With respect to the elections that were made pursuant to the
notice of guaranteed delivery procedure, which elections may be
duplicative and supersede the prior election, such procedure requires
the delivery of the share certificates representing such shares of
MarkWest Hydrocarbon common stock (or a confirmation evidencing the
book-entry transfer of such shares) to the exchange agent by 5:00
p.m., New York City time, on February 25, 2008. If the exchange agent
does not receive the required stock certificates or confirmation by
the guaranteed delivery deadline with respect to any such election,
the shares of MarkWest Hydrocarbon common stock subject to such
election will be treated as shares that did not make a valid election.
After the final results of the merger consideration election
process are determined following the expiration of the guaranteed
delivery period, the actual merger consideration and the cash and
common unit allocation will be computed using the formula contained in
the Redemption and Merger Agreement. The formula will be based on,
among other things, the actual number of shares of MarkWest
Hydrocarbon common stock outstanding immediately prior to the
completion of the transaction, the final results of the election
process, and the volume weighted average price of MarkWest Energy
Partners common units during the ten-day trading period ending Friday,
February 15, 2008, of $32.25.
A more complete description of the merger consideration and the
proration procedures is contained in the Joint Proxy
Statement/Prospectus dated January 7, 2008, that was first mailed to
MarkWest equityholders on or about January 18, 2008. MarkWest
equityholders are urged to read the Joint Proxy Statement/Prospectus
carefully and in its entirety. Copies of the Joint Proxy
Statement/Prospectus may be obtained free of charge by directing a
request to the MarkWest investor relations department at 866-858-0482,
by accessing the companies' website at www.markwest.com, or from the
website of the Securities and Exchange Commission at www.sec.gov.
MarkWest Energy Partners, L.P. (NYSE:MWE) is a publicly traded
master limited partnership with a solid core of midstream assets and a
growing core of gas transmission assets. It is one of the largest
processors of natural gas in the Northeast and is the largest gas
gatherer of natural gas in the prolific Carthage field in east Texas.
It also has a growing number of other gas gathering and intrastate gas
transmission assets in the Southwest, primarily in Texas and Oklahoma.
MarkWest Hydrocarbon, Inc. (AMEX:MWP) controls and operates
MarkWest Energy Partners, L.P. (NYSE:MWE), a publicly traded limited
partnership engaged in the gathering, processing and transmission of
natural gas; the transportation, fractionation and storage of natural
gas liquids; and the gathering and transportation of crude oil. We
also market natural gas and NGLs.
This press release includes "forward-looking statements" within
the meaning of Section 27A of the Securities Act of 1933, as amended,
and Section 21E of the Securities Exchange Act of 1934, as amended.
All statements other than statements of historical facts included or
incorporated herein may constitute forward-looking statements.

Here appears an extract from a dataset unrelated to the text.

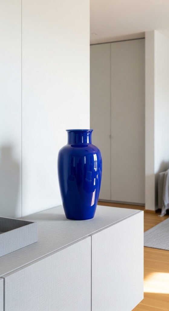 One colored vase in an otherwise neutral room becomes instant art. A cobalt blue, forest green, or deep burgundy ceramic against white walls or gray furniture pops without overpowering. Keep everything else on the surface plain. This is the easiest way to add color to a room without repainting or buying new furniture. The vase does all the work. You can rotate the color seasonally — a warm terracotta in fall, a cool green in spring — for an easy refresh.

Although we believe that the expectations reflected in the
forward-looking statements, specifically those including those
referring to future performance, growth, cash flow, operating income,
distributable cash flow (DCF), distributions, or other factors, are
reasonable, these forward-looking statements are not guarantees of
future performance and we can give no assurance that such expectations
will prove to be correct and that projected performance or
distributions may not be achieved. Among the factors that could cause
results to differ materially are those risks discussed in our joint
proxy statement/prospectus, dated January 7, 2008, as filed with the
SEC. You are also urged to carefully review and consider the
cautionary statements and other disclosures, including those under the
heading "Risk Factors," made in the joint proxy statement/prospectus,
which identify and discuss significant risks, uncertainties and
various other factors that could cause actual results to vary
significantly from those expressed or implied in the forward-looking
statements. We do not undertake any duty to update any forward-looking
statement.
Investors and security holders are urged to read the joint proxy
statement/prospectus carefully because it contains important
information regarding MarkWest Energy Partners, MarkWest Hydrocarbon,
and the transaction. Investors and security holders may obtain a free
copy of the joint proxy statement/prospectus and other documents
containing information about MarkWest Energy Partners and MarkWest
Hydrocarbon, without charge, at the SEC's website at www.sec.gov.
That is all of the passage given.